Shahmani, 34, said he was arrested six more times in the next four months as he continued to organize anti-government protests. Each time, he said, the treatment got rougher; he said police beat him and kept him for hours with a plastic bag over his head.

On June 2, 2011, he said, police arrested him and held him for nine days.

“They blindfolded me and asked me who was supporting me and who I was working for,” he said. “I told them I wasn’t working for anyone. I just wanted democracy in our country.”

Shahmani said an officer broke his nose with the butt of a rifle. Later, he said, an officer tied his arms with rope and hung him from the ceiling, leaving him to dangle on his tiptoes for nearly three hours.

Maliki spokesman Ali Mussawi, in an interview in his Green Zone office last month, acknowledged that some prisoners in Iraq are mistreated. But he said those were cases of individual officers straying from the government’s official policy against torture and abuse.

“We still have some violations in human rights; nobody can deny that,” Mussawi said. “The violations by the security forces are individual cases, not a policy. The security forces are not well educated, and they still have the ideas of the Saddam regime about how to deal with detainees.”
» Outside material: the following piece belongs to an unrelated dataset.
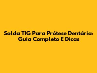 Solda TIG Para Prótese Dentária: Guia Completo E Dicas
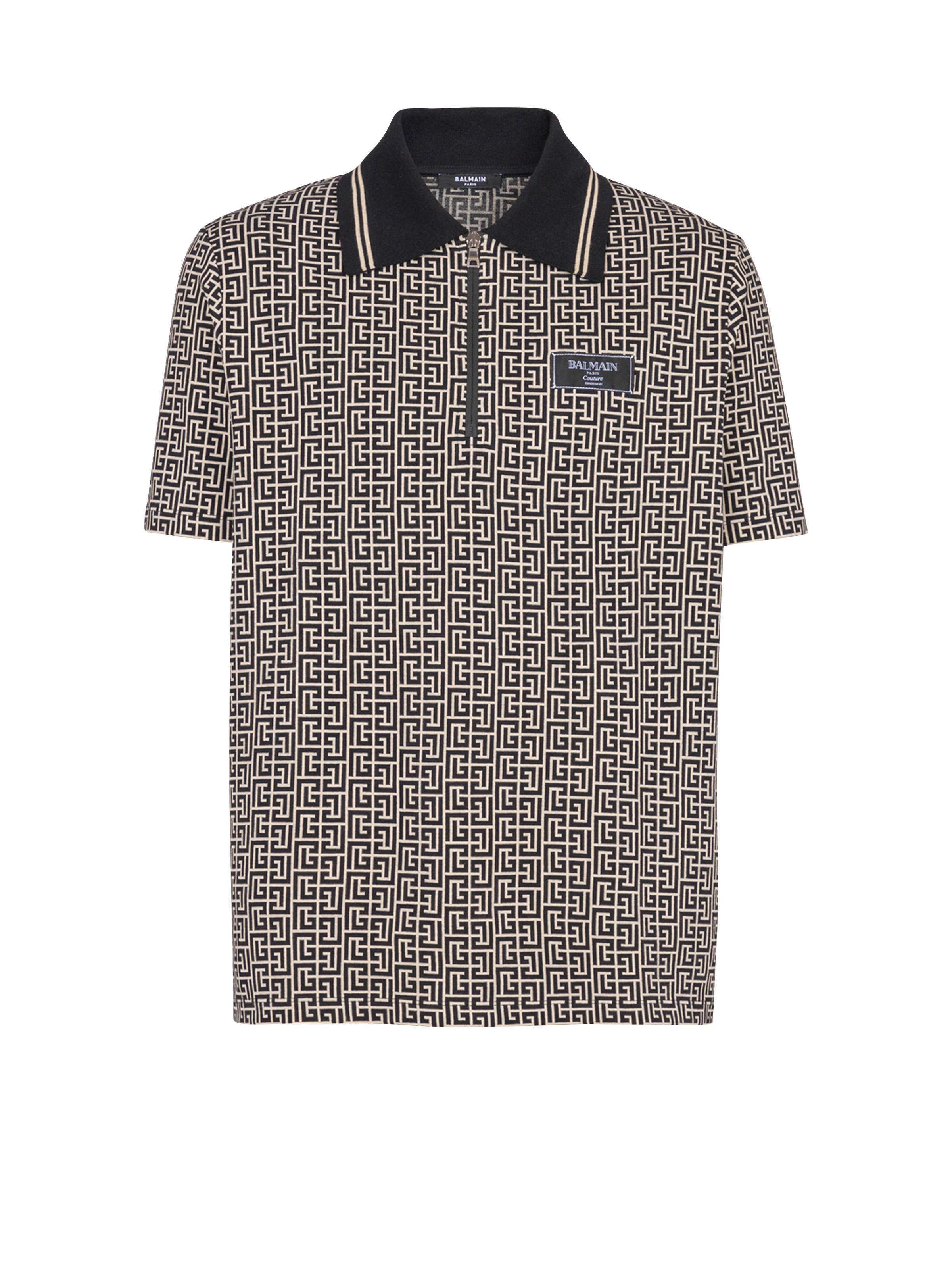 PB Labyrinth jacquard polo shirt - Contrasting polo collar with stripes - Zip fastening, engraved silver metal slider - Short sleeves - Woven Balmain Couture label on the chest - Straight cut - Model measures 187cm and wears a size M - Main material: 95% cotton 5% elastane - Made in Portugal - Item: EH1GC027BC90100% of the cotton fibres used to make this garment are certified and organically farmed

Shahmani said Iraqis are freer to criticize the government than they were under Hussein, but only to a point. Shahmani said he appeared on a television show this spring and called Maliki a dictator. As he left the studio, he said, he was arrested and held for three hours.

Signs of recovery in Tikrit

Just after dawn one recent morning in Tikrit, Saddam Hussein’s home town, Faizal Nazhan, 30, stood outside his tiny shop on a busy stretch of a street called el-Zehoor, which means “the flowers.”
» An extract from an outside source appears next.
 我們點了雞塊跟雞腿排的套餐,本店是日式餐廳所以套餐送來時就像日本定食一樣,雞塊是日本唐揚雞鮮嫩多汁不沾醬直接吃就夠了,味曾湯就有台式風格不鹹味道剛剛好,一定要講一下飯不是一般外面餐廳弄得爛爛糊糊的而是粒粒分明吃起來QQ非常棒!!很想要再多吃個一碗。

“It is a new beginning for us,” said Nazhan, who from his doorway could see four new buildings under construction — all started since U.S. troops left in December.
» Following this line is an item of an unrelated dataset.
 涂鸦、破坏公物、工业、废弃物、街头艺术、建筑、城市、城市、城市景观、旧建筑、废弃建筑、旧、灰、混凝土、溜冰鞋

The street was freshly paved and the sidewalk was made of new bricks. He said the streetlights had created an unfamiliar night life on the street: “Even the nights are like day.”

Tikrit, about 90 miles north of Baghdad, is marked by Hussein’s legacy. The Tikrit Mosque, still known by locals as the Great Mosque of Saddam, and scores of Hussein-era palaces occupy the city’s best riverfront real estate. Writing on one wall reads: “The Martyr Hero Saddam Hussein.”

But there are signs of progress, too. At least five private housing projects are rising, developed by companies from Turkey, China, the United Arab Emirates and by local Iraqi entrepreneurs. A few people drive Chrysler 300s, known in Iraq as “Obamas,” apparently because the U.S. president used to drive one.

A few miles down the road, in the tiny town of ad-Dawr, a little Ferris wheel lit up the sky one recent evening, its lights in happy jelly-bean colors casting a glow over laughing children. Kids climbed on the merry-go-round and families ate grilled chicken dinners, all about 300 yards from the spot where Hussein was captured by U.S. troops in December 2003.

Residents recalled how the town’s shops stayed closed during the subsequent years of fighting. But now, with the last U.S. troops gone, the town is coming back to life. A month ago, Marwan Malik, who grew up in Dawr, opened this little amusement park and small hotel along the banks of the Tigris River with three partners and $200,000.

Wamidh Mzahim, 30, and his wife, Marwa Mahfodh, 28, sat at one of the outdoor tables, celebrating their wedding anniversary with their 2-year-old son.

“Iraq in general is getting better and better economically,” said Mahfodh, shielding her eyes from a hot wind blowing a fine sandy silt up the river. “Now that the Americans have left, we will start to develop ourselves, by ourselves.”

Jabbar Yaseen contributed to this article.